Над Френадой плыл праздничный благовест, а в тихую деревеньку Адрадос километрах в восьмидесяти к востоку входили первые солдаты в неопрятных красных мундирах.
Глава 2
Очень скоро весть о резне в Адрадосе докатилась до Френады. Слух передавался из уст в уста, обрастая чадным шлейфом подробностей, похожим на след ракеты над неглубокой долиной, выбранной Шарпом для испытаний.
Первым в роте новость узнал сержант Патрик Харпер от своей женщины – Изабеллы, а она – из проповеди священника церкви Френады. Рассказ пастыря отозвался в сердцах прихожан возмущением, которое вполне разделял их единоверец Харпер. АНГЛИЧАНЕ!!! ПРОТЕСТАНТЫ!!! ЕРЕТИКИ!!! Разграбили отдалённое селение, истребили жителей-католиков, изнасиловали их жён, да ещё и совершили своё богомерзкое преступление в святой день!!!
Ирландец поведал историю Шарпу, когда они с лейтенантом Прайсом и двумя другими ротными сержантами грелись на солнышке. Шарп дал Харперу выговориться и поморщился:
– Враки.
– Клянусь Богом, сэр, правда.
– Ты сам слышал?
– Изабелла слышала. – глаза Харпера под белёсыми бровями сверкали. Как с ним бывало в минуты волнения, в речи прорезался гэльский акцент, – В отличие от вас, язычников, у нас, у католиков, патер с амвона не врёт!

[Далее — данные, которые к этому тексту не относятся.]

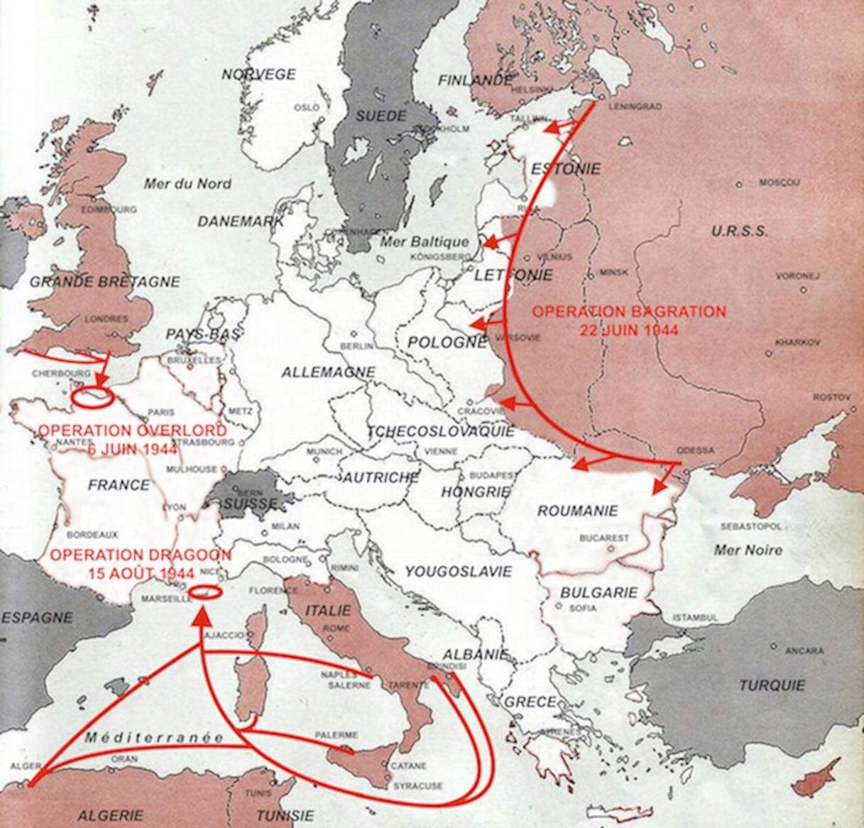 Le front qui s’est ouvert à l’Ouest et qui va mobiliser quantité d’unités de la Wehrmacht, va donner à l’Armée rouge l’occasion de lancer sur le front de l’Est le 22 juin, une vaste offensive générale l’opération « BAGRATION », dans les pays baltes, la Pologne et la Roumanie.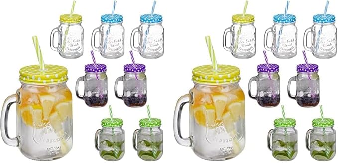 • Основни характеристики: Буркани с капак с вместимост приблизително 400 мл всеки - Идеални за лимонада, студен чай, коктейли и други

Шарп покачал головой. С Харпером они прошли огонь, воду и медные трубы. Ближе ирландца друга у него не было. Уравновешенность, свойственная всякому сильному от природы человеку, дополнялась весёлым нравом, и эти качества помогали Патрику Харперу равно спокойно принимать военные тяготы, приятности кратких мирных передышек и то, что он, уроженец Зелёного острова, вынужден служить в армии захватчиков – англичан. Но, хоть Донегол и был далёк, сержант никогда не забывал родину, очень болезненно переживая любое, даже мнимое, проявление английских имперских замашек. В слухе же имелась ещё и религиозная подоплёка: протестанты коварно напали на католиков и осквернили святое место в святой день! Всё это, вместе взятое, заставляло Харпера кипеть негодованием, которое Шарп счёл своим долгом остудить:
– Подумай сам, Патрик. Ты можешь себе представить, чтобы наши ребята ни с того, ни с сего вдруг вспомнили, что они протестанты, а вокруг полным-полно католиков, дождались первого попавшегося вашего праздничка, перерезали глотки испанским солдатам и взялись грабить-убивать местных крестьян? Можешь?
– Наши – нет, – неохотно признал Харпер, – Но это же не наши!
– Ладно, не наши. И на кой чёрт им это надо?
– Потому что они – протестанты, сэр. Кровожадные нехристи, готовые отмахать полстраны, лишь бы прикончить честного католика.